Continúe repitiendo este proceso hasta que se alcance la parte inferior de la diapositiva y todas las secciones se monten en la diapositiva. Para obtener imágenes, encienda el escáner y la computadora, luego coloque las diapositivas en el soporte de diapositivas con el dispositivo de carga e inserte el soporte en el escáner. Abra el software del escáner y elija la ubicación de almacenamiento y el perfil de escaneo adecuados.

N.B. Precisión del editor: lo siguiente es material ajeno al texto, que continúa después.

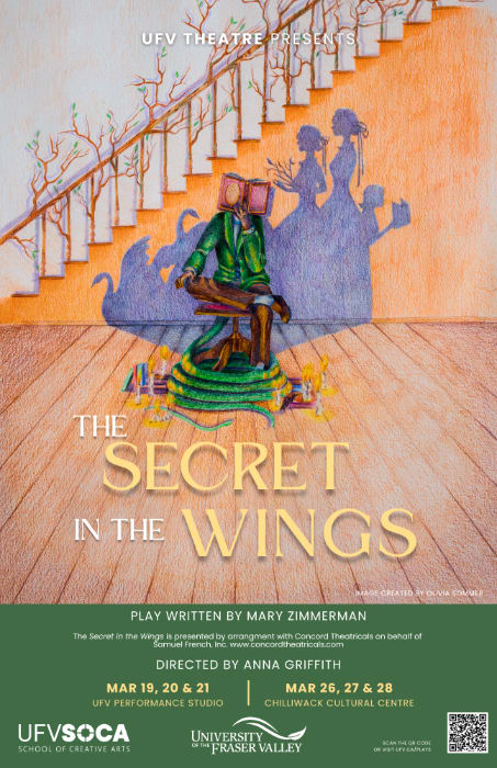 Directed by Anna Griffith, The Secret in the Wings will run from March 19 until March 28, 2026. This will be the second production of UFV Theatre's 2025-2026 season, and its run will be split between UFV Abbotsford’s Performance Studio, and at the Chilliwack Cultural Centre’s Rotary Hall Studio Theatre.

Inicie el análisis de vista previa haciendo clic en el botón Iniciar análisis de vista previa. Después de la exploración, abra el asistente de detección de tejidos y rodee las regiones de interés para la obtención de imágenes. Después de elegir las regiones para la obtención de imágenes, haga clic en el botón Iniciar escaneo y espere a que la máquina termine de escanear.

Compruebe el archivo de resultados y exporte las imágenes. Aquí se muestran imágenes representativas de inmunohistoquímica de fluorescencia de secciones cerebrales coronales de ratón en Bregma negativo 0,82 milímetros, que muestran la distribución de aglutinina de glicina floribunda, arginina vasopresina y DAPI. Las señales de aglutinina de Wisteria floribunda se observan en el área perifornical del hipotálamo anterior y el núcleo reticular, mientras que las señales de arginina vasopresina se observan en el núcleo paraventricular.

Al probar este protocolo por primera vez, sugerimos realizarlo bajo la supervisión de un investigador experimentado. El protocolo ayudará a generar resultados histológicos óptimos y consistentes entre diferentes investigadores y laboratorios, y servirá de referencia para los principiantes que aprenden esta técnica.